POSBELITUNG.CO, BELITUNG - Peluncuran mandatori Biodiesel B50 oleh Presiden Prabowo Subianto memunculkan pendapat di kalangan pelaku sektor perkebunan kelapa sawit di Belitung Timur, Selasa (7/7/2026).
Ketua Dewan Pimpinan Daerah (DPD) Asosiasi Petani Kelapa Sawit Indonesia (APKASINDO) Belitung Timur, Lim Surya Wiguna menjelaskan bahwa kebijakan pencampuran 50 persen biodiesel kelapa sawit dan 50 persen solar tersebut dikhawatirkan bisa membuat harga sawit stagnan.
"Bagus.Tapi ada kemungkinan menyebabkan harga sawit stagnan karena kuota ekspor akan berkurang untuk memenuhi kebutuhan biodiesel di dalam negeri," ujar Lim kepada Posbelitung.co, Selasa (7/7/2026).
Menurut Lim, penyerapan Crude Palm Oil (CPO) yang sangat besar untuk menyuplai kebutuhan bahan bakar dalam negeri akan memangkas volume komoditas sawit yang dikirim ke luar negeri.
Meski begitu, APKASINDO Belitung Timur tetap menaruh harapan besar agar kebijakan nasional ini pada akhirnya bermuara pada peningkatan kesejahteraan para petani swadaya di daerah.
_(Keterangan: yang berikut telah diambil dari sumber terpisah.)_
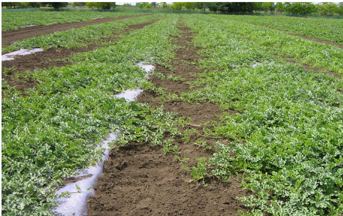
Photo 1. View of the experimental field.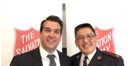
Salvation Army Multicultural Launch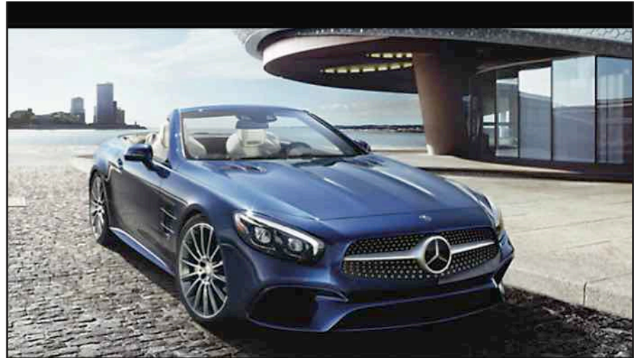
2017 Mercedes-Benz SL Roadster Reimagined. Restyled. Breathtaking.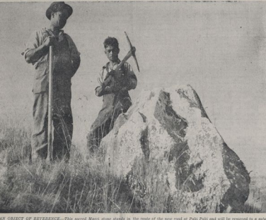
AN OBJECT OF REFERENCE.—The second stone above stands in the center of the new road of Park Place and will be removed to a new site.

Under Two Heads Governments of Defence And Commercial Needs United Press Association—Copyright. (Received July 15, 1.13 a.m.) LONDON, August 12. The Secretary of Overseas Trade (Mr R. E. Hudson) in a speech in the House of Commons, announced the Overseas Trade Expansion Bill and the Government's intention to increase the number of British ships in the world. Mr Hudson said that the Government was determined to increase the number of British ships in the world. He said that the Government was determined to increase the number of British ships in the world.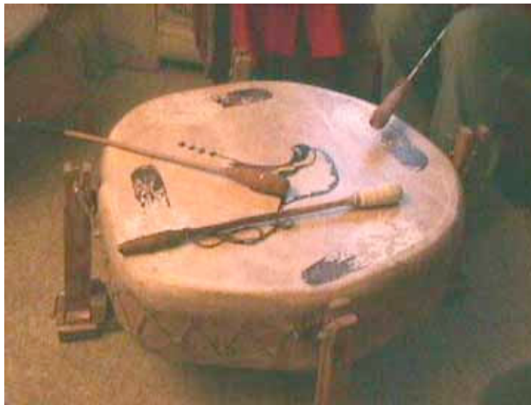
Pow Wow drum – Standing Deer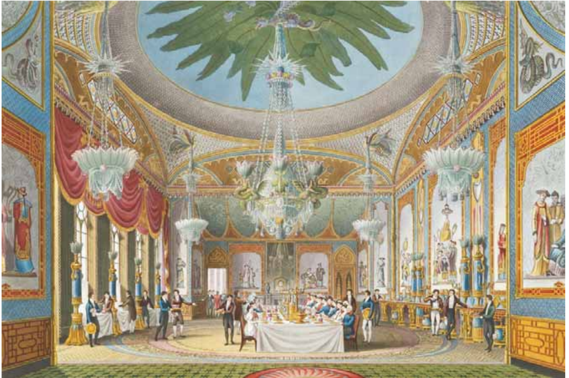
Plate 31.8 The Banqueting Room (designed by Robert Jones), from John Nash's Views of the Royal Pavilion, Brighton, 1826, aquatint.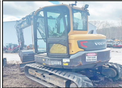
9321 2015 VOLVO ECR88D. Coupler, 3rd Valve, 30" Dig Bucket, 48" Static C/Up Bucket, Hyd Thumb, Blade, Rubber Tracks, 6,920 Hours, $55,500.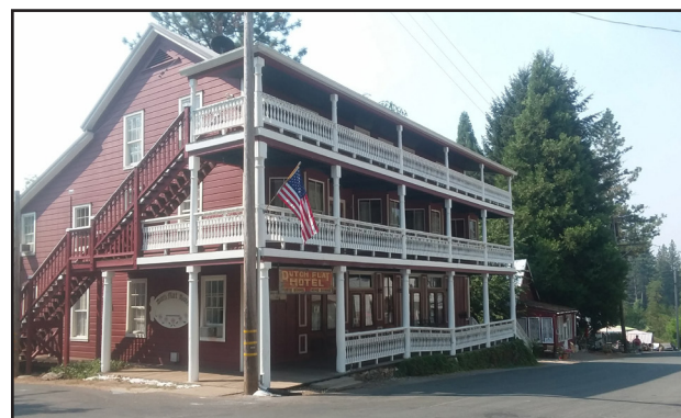
The Dutch Flat Hotel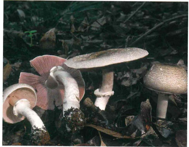
Above: Yellow stainer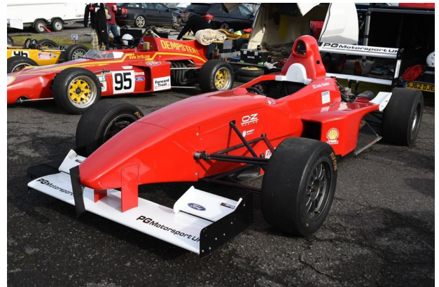
Van Diemen RF02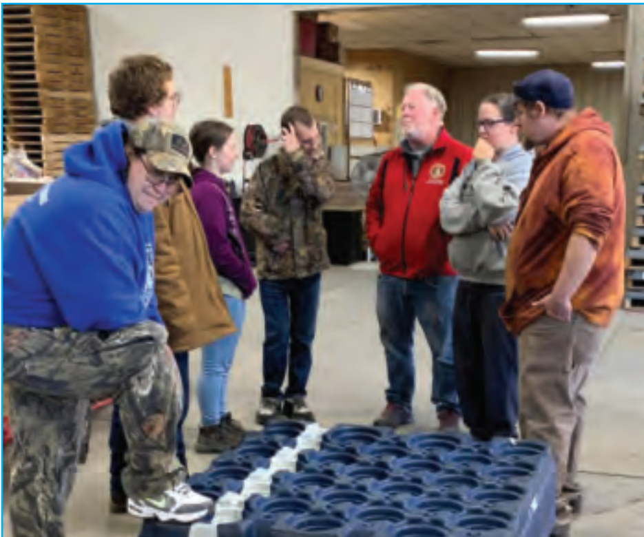
Workshop services include contracts with individual businesses which include everything from small local firms to national corporations.

It’s a formula that is a proven winner for Missouri and Missourians.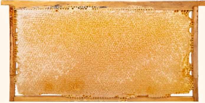
Big Frame Honeycomb Honey

The best quality of honeycomb honey, which is the most important part of honey production, is collected by our beekeepers and offered to our valued customers in a reliable way.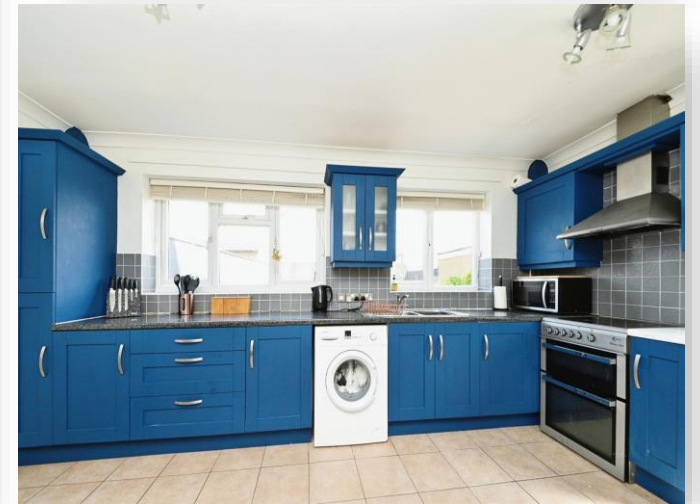
Peckover Way, South Wootton, King's Lynn PE30 3UE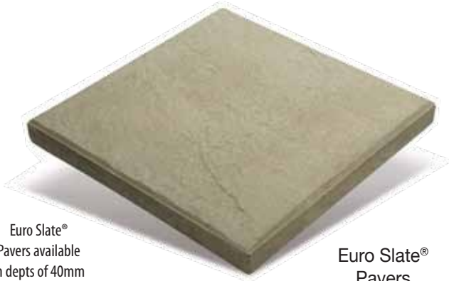
Euro Slate® Pavers available in depths of 40mm and 55mm

"Tapi bagaimanapun, APKASINDO tetap berharap program B50 akan memberikan efek kenaikan harga sawit di tingkat petani," ucapnya.
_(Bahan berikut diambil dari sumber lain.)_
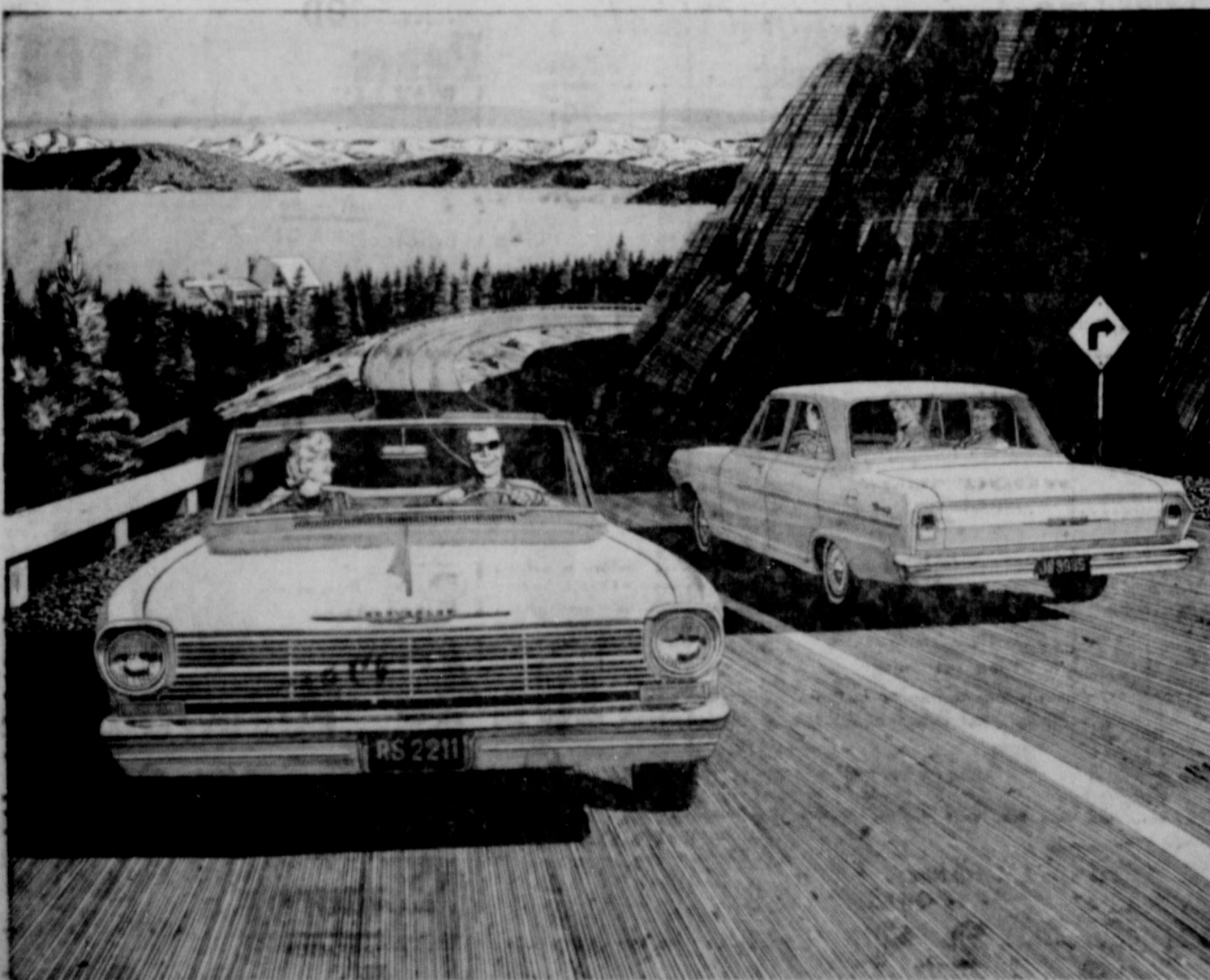
The sporty Chevy II Nova Convertible and sprightly 4-Door Sedan

See the new Chevy II at your local authorized Chevrolet dealer's

Harapan tersebut dinilai cukup beralasan. Lim menambahkan melonjaknya kebutuhan CPO di dalam negeri sebagai bahan campuran utama biodiesel B50 secara otomatis akan mendongkrak kebutuhan pasar terhadap komoditas kelapa sawit secara makro.
Sesuai hukum pasar, tingginya kebutuhan atau permintaan terhadap bahan baku CPO diharapkan menjadi motor penggerak utama yang memaksa pabrik kelapa sawit (PKS) untuk menaikkan harga beli buah sawit langsung dari tangan petani.
"Karena kan di satu sisi lain kebutuhan CPO dalam negeri juga akan naik untuk bahan campuran biodiesel B50 itu," pungkasnya.